Critical Budget Day In Greece
Greece has recently been showing some signs of an improving economic situation as growth trickles back into many sectors of the economy, a welcome boost was presented in the form of better than anticipated figures for the important tourism season that is now drawing to a close. Despite this there are a number of long and short term challenges still to be overcome.
Today is a critical day for the government of Antonis Samaras as it prepares to unveil it’s outline budget for the 2015 fiscal year. The Prime Minister last month hinted towards some taxation cuts, particularly in the areas of domestic energy and income taxes. Whatever the budget holds one thing is for sure and that is that it has been hard negotiated. The bail out troika of the European Union (EU), the European Central Bank (ECB) and the International Monetary Fund (IMF) are currently back in the country conducting a scheduled review, the outcome of which could affect Greece’s bail out package.

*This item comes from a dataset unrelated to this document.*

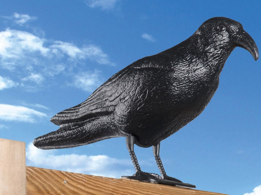 Maketa havrana ochrání vaše záhonky a ovocné stromy před nálety nezvaného ptactva! Jednoduše ji umístěte ke stromu, do záhonku či na balkon a užívejte si klidu a úrody. Havrana lze postavit, zavěsit anebo umístit na tyč. Materiál: plast Rozměry: 40 x 13 x 20 cm
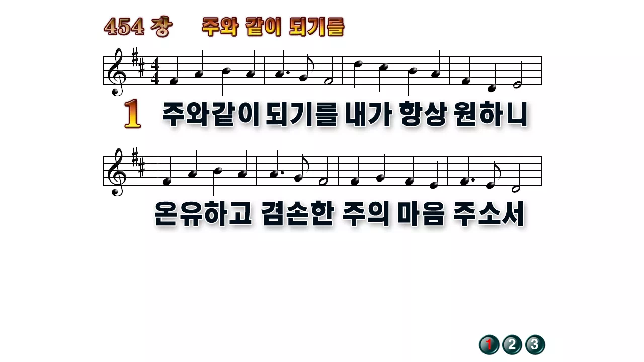 새찬송가 '454장 주와 같이 되기를'의 16:9 와이드버전으로 편집된 배경 없는 새찬송가 PPT악보입니다.

The country is not yet economically in a position to present a budget that moves away from austerity, there is however more than just economic concerns to be considered. The population has begun to accept the imperative of fiscal rectitude however left of centre opposition parties have been gradually regaining support on their anti austerity platform. The Samaras administration will have to find something to give back in this round in order to remain in power long enough to complete the austerity programme. With this in mind the government has scheduled a confidence motion in itself for later this week, a failure to pass this motion will prompt early elections which would in effect become a referendum on the continuation of austerity. The government’s majority however should be enough to ensure that it survives the upcoming vote of confidence and it is likely that anything given away in today’s budget will be at the behest of wavering government MPs whose support must be cemented ahead of the vote.